Triangulation involves appearing to be above the left/right dichotomy of traditional political discourse by incorporating the popular aspects of the opposition’s policies into one’s own platform, thereby annexing much of the centre-ground of the political landscape in order to maximise one’s own electoral appeal. This tactic then has the added effect of pushing the opposition into a more extreme, less electorally appealing position as they attempt to find a distinctive political standpoint.

However, over time triangulation's attempt to eat the masses with its 'thin gruel' of anti-political policies developed to please a deracinated vision of the apolitical median voter conceived of as being solely motivated by an aspiration towards ever-increasing material consumption, gradually alienated British voters to an extent that has never really recovered. Before the New Labour era the percentage of UK citizens voting to elect a new government was in the high 70s, before dropping as low as 59% in the 2001 general election and then hovering around the mid 60s for much of the 2010s.
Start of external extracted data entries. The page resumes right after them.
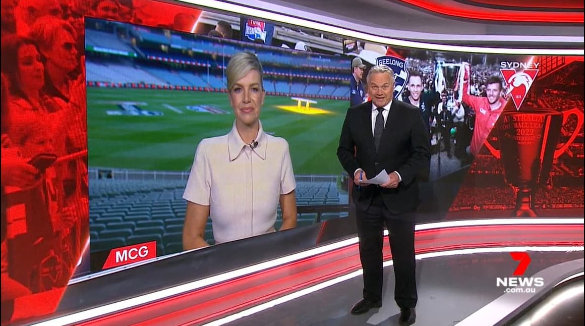 Notice that Seven News Sydney had its own crew at the MCG, with Mel McLaughlin presenting sport from top level of Ponsford Stand and reporter Tom Sacre in the Swans team rooms.
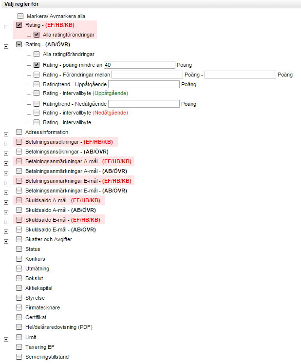 De rödmarkerade parametrarna nedan kommer att gälla för enskilda firmor (EF) samt handels- och kommanditbolag (HB/KB). Under dessa kategorier finns endast alternativet att bevaka "alla förändringar". För aktiebolag finns dock de detaljerade filterinställningar kvar, vilket gör att du fortfarande kan ha olika bolagsformer i en och samma portfölj - men med olika inställningar.
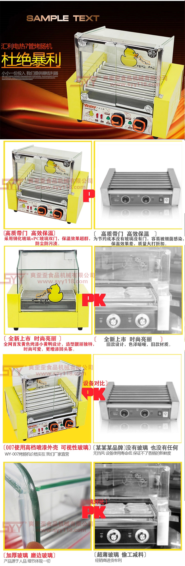 汇利XHK-007台湾烤热狗机七管烤肠机热狗机烤香肠
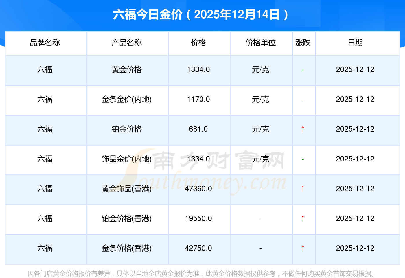 2025年12月14日,周大福、周大福、老凤祥、老凤祥、老庙、老庙、周生生、周生生、周大福、周大福、周大福等各大金店品牌金条金价(内地)今日价格如下:周大福1336.0元/克、周大福681.0元/克、老凤祥1337.0元/克、老凤祥650.0元/克、老庙1339.0元/克、老庙600.0元/克、周生生1338.0元/克、周生生681.0元/克、周大福1336.0元/克、周大福47410.0、周大福19550.0。
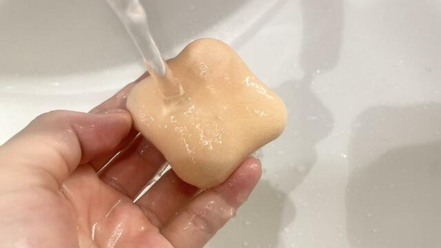 分厚く見えるパフなのに、洗ったらすぐ乾く
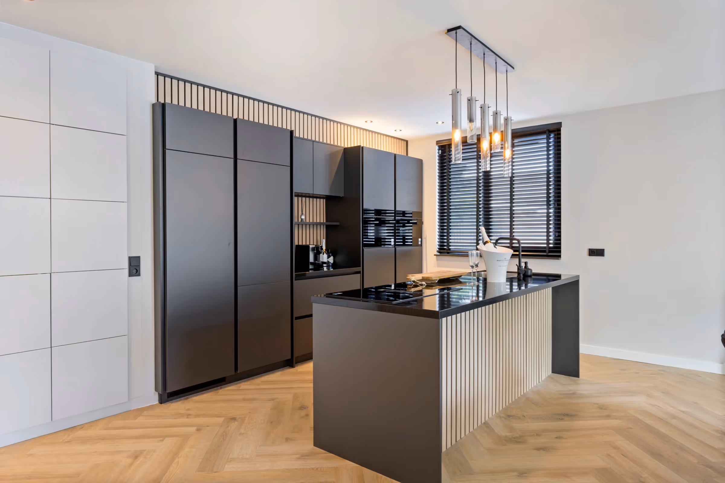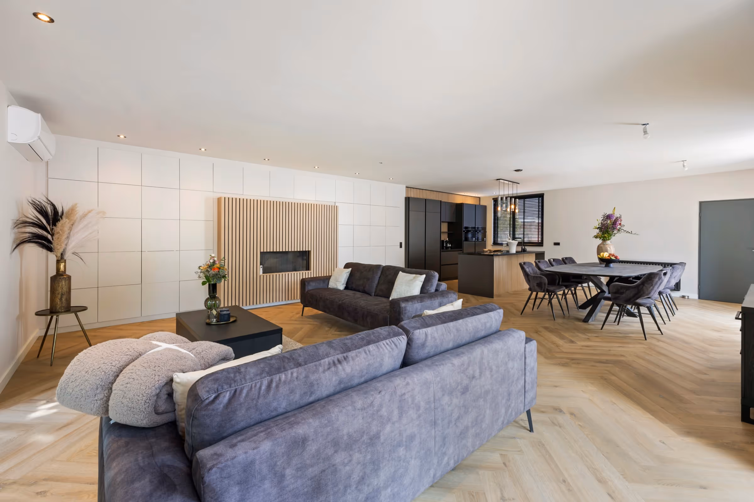 Via de hal (met meterkast en modern gastentoilet) kom je in de diverse kamers van dit fraaie woonhuis. De lichte en ruime woonkamer met leefkeuken ligt aan de achterzijde en heeft door de grote raampartijen een mooi tuincontact. Deze woonkamer en leefkeuken zijn voorzien van een hoogwaardige PVC vloer. Ook heeft de woonkamer een gashaard, airco en een luxe kastenwand, geheel op maat gemaakt en met veel extra bergruimte. De hagelnieuwe en luxe woonkeuken beschikt over een groot kook- en spoeleiland en een matzwarte kleurstelling. Qua inbouwapparatuur is eveneens voor kwaliteit gekozen; een inductie kookplaat met afzuiging, stoomoven, combi oven (beide van Siemens), grote koelkast en vaatwasser. Kortom, alles wat je nodig hebt en helemaal ongebruikt.

Although perhaps mortally wounded by triangulation's arrows, the rise of populism at least demonstrated a slightly heightened pulse in the body politic. The Brexit vote engaged 72% of the electorate, while Labour's left turn under Corbyn during the 2017 general election returned Labour's highest share of the vote since 2005 (mirrored by the rise of Trump and Bernie Sanders in the US). If anything has had a defibrillating effect on political reengagement in the UK then it has been populism with its articulation of political demands shorn of endless compromise and its reassertion of the connection between means and ends. Returning to Laclau's analysis, and to paraphrase Trotsky, the rise of populism is therefore far from a sign of sickness in the body politic but instead the sign of a healthy polis 'spewing up the undigested barbarism' of political triangulation.